Dror's Computer Program for C+\alpha C

Our handout today is a printout of a Mathematica notebook that computes the measure of the projection of C\times C in a direction t\in[0,\pi/2] (where C is the standard Cantor set). Here's the notebook, and here's a PDF version. Also, here's the main picture on that notebook:

0708-1300-CCShadow.png

Typed Class Notes

The notes below are by the students and for the students. Hopefully they are useful, but they come with no guarantee of any kind.

First Hour

Today's Agenda:

Proof of Sard's Theorem. That is, for f:M^m\rightarrow N^n being smooth, the measure \mu(critical values of f) = 0.


Comments regarding last class

1) In our counterexample to Sard's Theorem for the case of C^1 functions it was emphasized that there are functions f from a Cantor set C' to the Cantor set C. We then let g(x,y) = f(x) + f(y) and hence the critical values are C+C = [0,2] as was shown last time. The sketch of such an f was the same as last class.

Furthermore, in general we can find a C^n such function where we make the "bumps" in f smoother as needed and so f(C') = C'' where C'' is a "very thin" Cantor set. But now let g(x,y,z,\ldots) = f(x) + f(y) + f(z) +\ldots which will have an image of C'' + C'' + C'' + \ldots = an interval.


2) The code, and what the program does, for Dror's program (above) was described. It is impractical to describe it here in detail and so I will only comment that it computes the measure of C+\alpha C for various alpha and that the methodology relied on the 2nd method of proof regarding C+C done last class.


Proof of Sard's Theorem


Firstly, it is enough to argue locally, since a manifold is second countable (that is, a manifold has a countable basis) and a countable union of sets of measure zero has measure zero.

Further, the technical assumption about manifolds that until now has been largely ignored is that our M must be second countable. Recall that this means that there is a countable basis for the topology on M.
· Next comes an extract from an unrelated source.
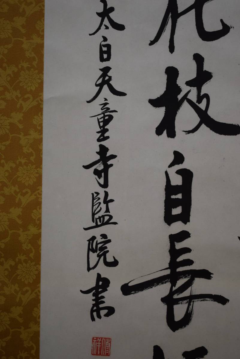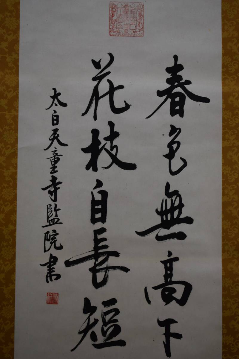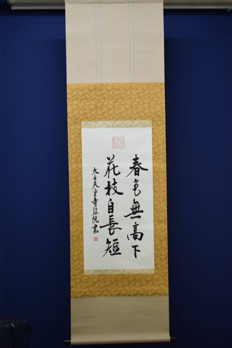 【真作】/天童寺/座首/監院/二行書/ 【参考】 天童寺 座首 監院 二行書 【作品状態】 本紙は紙本です。 本紙・表装共に良好です。 紙箱付 軸丈 縦 162㎝×幅 52㎝ 写真で状態をご判断の上、宜しくお願い致します。 ≪注意事項≫ ※質問などについては常時チェックが出来ない為、直ぐにお応え場出来ない場合があります。 ※商品説明・写真をご確認の上、十分にご検討頂きご入札をお願い致します。 ※【真作】と明記のある作品について万一、所定鑑定機関にて真作でないと鑑定された場合は内容証明書を 提示頂ければ返品をお受けし、商品代金のみ返金致します。返品は落札後10日間です。 ご理解の程、宜しくお願い申し上げます。 ≪お知らせ事項≫ 一両日中に2点以上ご落札頂いた上、同梱発送の場合は送料無料に致します。 屋号を布袋屋と致しました。布袋屋は別IDでも多数出品しておりますので、布袋屋掛軸と検索してみて下さい。宜しくお願い致します。 ≪Yahoo!ルール改定≫ 2017年10月25日よりYahoo!の≪絵画の出品に関するルール改定≫が施行されました。 この改定により特定の作者の作品としている場合は、タイトル頭標記へ【真作】または【模写】と明記する事となりました。 タイトル頭標記の分類は下記と致します。 【真作】真作(絵画)・真筆(書)作品の事。 【模写】印刷や工芸等ではなく、人が描いた(書いた)作品の事。 (所定鑑定機関の鑑定が無い作品、僅かでも真作ではないと疑いのある作品、 当方で判断出来ない作品、落款や号は分かっているが フルネームが不明な作者不詳の作品も全て【模写】と表記致します。) 【版画】リトグラフ・木版画・水印版画・銅版画・拓本・石刷作品の事。 【複製】印刷・工芸・工藝作品の事。 【不詳】作者の落款・印章が読めない作者不詳作品。 又は、無落款・無印章で作者不明作品の事。 (これについては特定の作者の作品と見なされる場合があるので【模写】【不詳】とします。)

As a counterexample to Sard's Theorem when M is NOT second countable consider the real line with the discrete topology, a zero dimensional manifold, mapping via the identity onto the real line with the normal topology. Every point in the real line is thus a critical point and the real line has non zero measure.


We can restrict our neighborhoods so that we can assume M=\mathbb{R}^m and N=\mathbb{R}^n

The general idea here is that if we consider a function g=f' that is nonzero at p but that f is zero at p, the inverse image is (in some chart) a straight line (a manifold). As such, we will inductively reduce the dimension from m down to zero. For m=0 there is nothing to prove. Hence we assume true for m-1.
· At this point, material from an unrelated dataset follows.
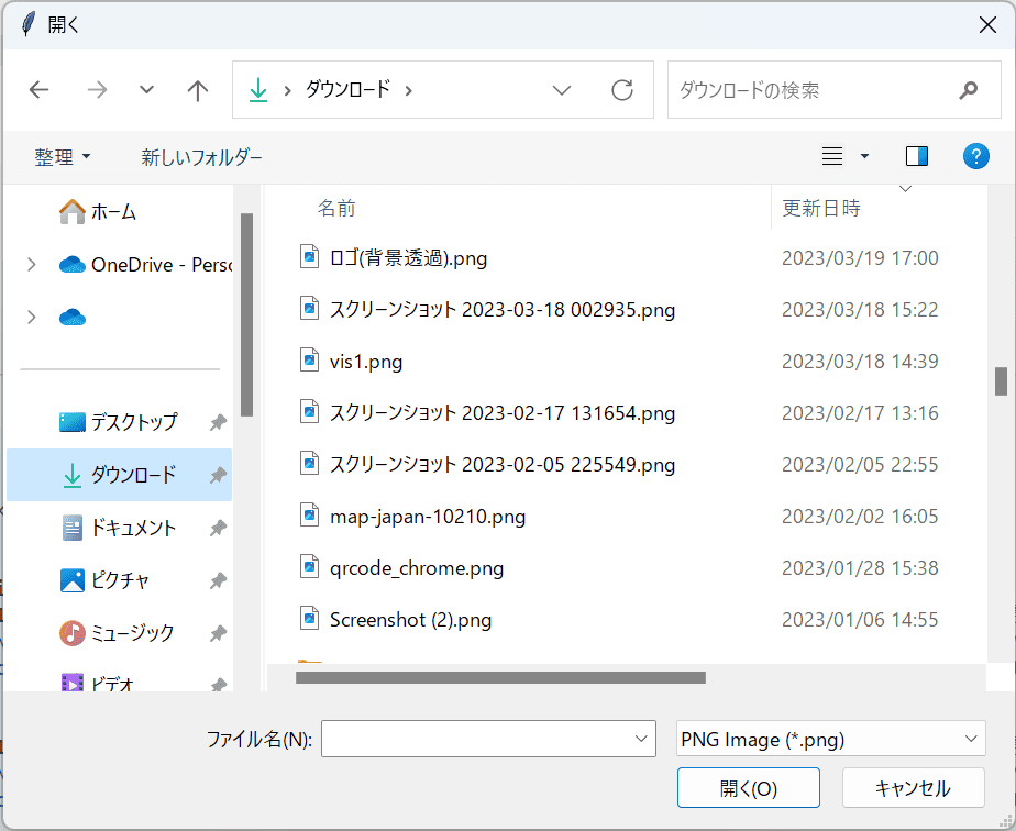 指定する場合は(“{拡張子の説明}”,”{拡張子}”)という組み合わせのタプルを配列に格納してからfiletypesに与えるだけで、例えばPNG画像だけを表示するためには次のように指定します。

Now, set D_k = \{p | all partial derivities of f of order \leq k vanish} for k\geq 1

Set D_0 = \{p\ |\ df_p is not onto }. This is just the critical points.
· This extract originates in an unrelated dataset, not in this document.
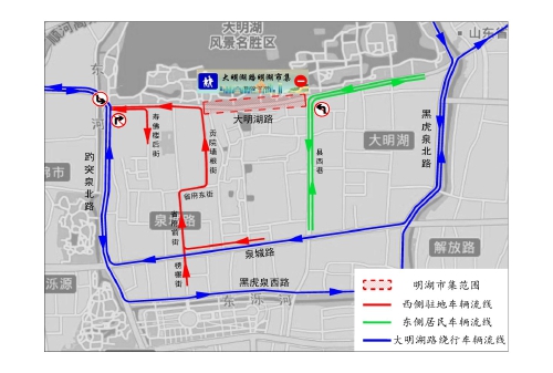 为确保明湖市集正常运行,春节期间,大明湖路周边交通组织要进行临时调整,在明湖市集举办期间,大明湖路(县西巷-贡院墙根街段),禁止所有机动车和非机动车通行,仅允许行人步行。

Clearly D_0\supset D_1\supset\ldots\supset D_i\supset\ldots\supset D_m


We will show by backwards induction that \mu(F(D_k)) = 0


Comment:

We have not actually defined the measure \mu. We use it merely to denote that F(D_k)) has measure zero, a concept that we DID define.

Second Hour

Claim 1

F(D_m) has measure 0.

Proof

W.L.O.G (without loss of generality) we can assume n=1. Intuitively this is reasonable as in lower dimensions the theorem is harder to prove; indeed, a set of size \epsilon in 1D becomes a smaller set of size \epsilon^2 in 2D etc. More precisely, for f = (f_1,\ldots,f_n), f(D_m)\subset f_1(D_m)\times{R}^{n-1}. Applying the proposition that if A is of measure zero in \mathbb{R} then A\times\mathbb{R}^{n-1} is measure zero in \mathbb{R}^n we now see that assuming n=1 is justified.


Reminder

Taylor's Theorem: for smooth enough g:\mathbb{R}\rightarrow\mathbb{R} and some x_0 then g(x) = \sum_{j=0}^{m} \frac{g^{(j)}(x_0)}{j!}(x-x_0)^j + \frac{g^{(m+1)}(t)}{(m+1)!}(x-x_0)^{m+1} for some t between x and x_0.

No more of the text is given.